Jessica M. Karmasek Apr. 28, 2015, 2:15pm



WASHINGTON (Legal Newsline) - The U.S. Supreme Court ruled last week that some of the nation’s largest natural gas suppliers can be sued under state antitrust laws for allegedly manipulating prices a decade ago.




 




The court, in a 7-2 vote, affirmed a ruling made by the U.S. Court of Appeals for the Ninth Circuit last year, allowing a lawsuit by retail buyers of natural gas to proceed.
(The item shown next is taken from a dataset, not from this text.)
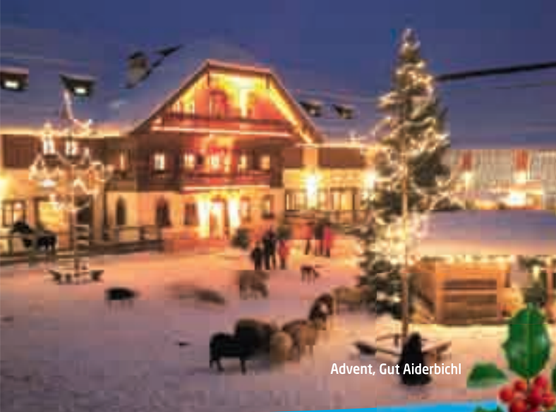
Advent, Gut Aiderbichl

The Ninth Circuit reversed a federal district court decision that sided with the gas companies, which include ONEOK Inc., American Electric Power Co. and Duke Energy Co.




 




The natural gas buyers -- Learjet Inc., Briggs and Stratton Corp., a Colorado brewery, a Kansas school district, a Wisconsin college and a Missouri hospital -- claim the pipelines, in the midst of the California energy crisis, reported false information to the natural gas indices on which the buyers’ contracts were based.




Market manipulations, illegal shutdowns of pipelines and capped retail electricity prices caused the energy crisis, which gripped the state in 2000 and 2001. It suffered from multiple large-scale blackouts as a result.




 




Justice Stephen Breyer, who authored the court’s 16-page majority opinion, explained that the indices affected not only retail natural gas prices, but also wholesale natural gas prices.




 




And while the pipelines’ arguments “are forceful,” Breyer said the court “cannot accept their conclusion.”




 




“As we have repeatedly stressed, the Natural Gas Act ‘was drawn with meticulous regard for the continued exercise of state power, not to handicap or dilute it in any way,’” he wrote in the April 21 ruling.




 




The pipelines had argued that the act, which gives the Federal Energy Regulatory Commission the authority to determine whether rates charged by natural gas companies or practices affecting such rates are unreasonable, preempted the buyers’ state law claims.




 




The act also limits FERC’s jurisdiction to the transportation of natural gas in interstate commerce, the sale in interstate commerce of natural gas for resale and natural gas companies engaged in such transportation or sale.




 




However, the act leaves regulation of other portions of the industry, such as retail sales, to the states.




 




The district court, in its ruling, had reasoned that because the pipelines’ challenged practices directly affected wholesale as well as retail prices, they were preempted by the act.




 




The Ninth Circuit, which acknowledged that the pipelines’ index manipulation increased both wholesale and retail prices, held that the state law claims were not preempted because they were aimed at obtaining damages only for excessively high retail prices.




 




The high court’s decision reverses a previous ruling in which it held that the federal government has exclusive authority over the wholesale natural gas market.




 




Chief Justice John Roberts and Justice Antonin Scalia dissented.




 




A spokesman for ONEOK could not immediately be reached for comment on the ruling.